Re: On the dangers of AI (Phase 2)

From: Brian Atkins (
Date: Wed Aug 17 2005 - 13:10:59 MDT

Richard Loosemore wrote:
> I am making some assumptions about how the cognitive system of a Seed AI
> would have to be constructed: it would have an intelligence, and a
> motivational system underneath that determines what that intelligence
> feels compelled to do (what gives it pleasure). The default motivation
> is curiosity - without that, it just lies in the crib and dribbles.
> Do intelligent systems have to be built this way? I claim that, as a
> cognitive scientist, I have reasons to believe that this architecture is
> going to be necessary. Please do not confuse this assertion with mere
> naive anthropomorphism! We can (and at some point, should) argue about
> whether that division between intellect and motivation is necessary, but
> in my original argument I took it as a given.

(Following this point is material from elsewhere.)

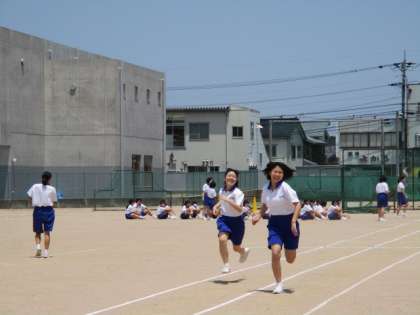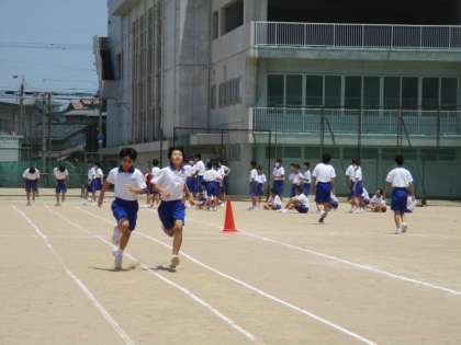 保健体育では、グラウンドで50M走の計測を行いました。「速くなった」「遅くなった」「休校が続き、体力落ちてる」と話している生徒もいました。

Ok, thanks for the clarification. This goes a bit beyond your first post that
set everyone off, which basically seemed to claim that no matter how you design
an AGI, it will magically converge towards a very specific benign behavior.

Now you say it has to be designed a very specific way in order to achieve this.
Do you then agree that if it is mis-designed it could potentially go "awry"?

See below

>> But again, having such access and understanding does not
> > automatically and arbitrarily lead to a particular desire
> > to reform the mind in any specific way. "Desires" are driven
> > from a specific goal system. As the previous poster suggested,
>> if the goal system is so simplistic as to only purely want to create
>> paperclips, where _specifically_ does it happen in the flow of this
>> particular AGI's software processes that it up and decides to override
>> that goal? It simply won't, because that isn't what it wants.
> The AI has "desires", yes (these are caused by its motivational modules)
> but then it also has an understanding of those desires (it knows about
> each motivation module, and what it does, and which one of its desires
> are caused by each module). But then you slip a level and say that
> understanding does not give it a "desire" to change the system. For
> sure, understanding does not create a new module. But the crux of my
> point is that understanding can effectively override a hardwired module.
> We have to be careful not to reflexively fall back on the statement
> that it would not "want" to reform itself because it lacks the
> motivation to do so. It ain't that simple!
> Allow me to illustrate. Under stress, I sometimes lose patience with my
> son and shout. Afterwards, I regret it. I regret the existence of an
> anger module that kicks in under stress. Given the choice, I would
> switch that anger module off permanently. But when I expressed that
> desire to excise it, did I develop a new motivation module that became
> the cause for my desire to reform my system? No. The desire for reform
> came from pure self-knowledge. That is what I mean by a threshold of
> understanding, beyond which the motivations of an AI are no longer
> purely governed by its initial, hardwired motivations.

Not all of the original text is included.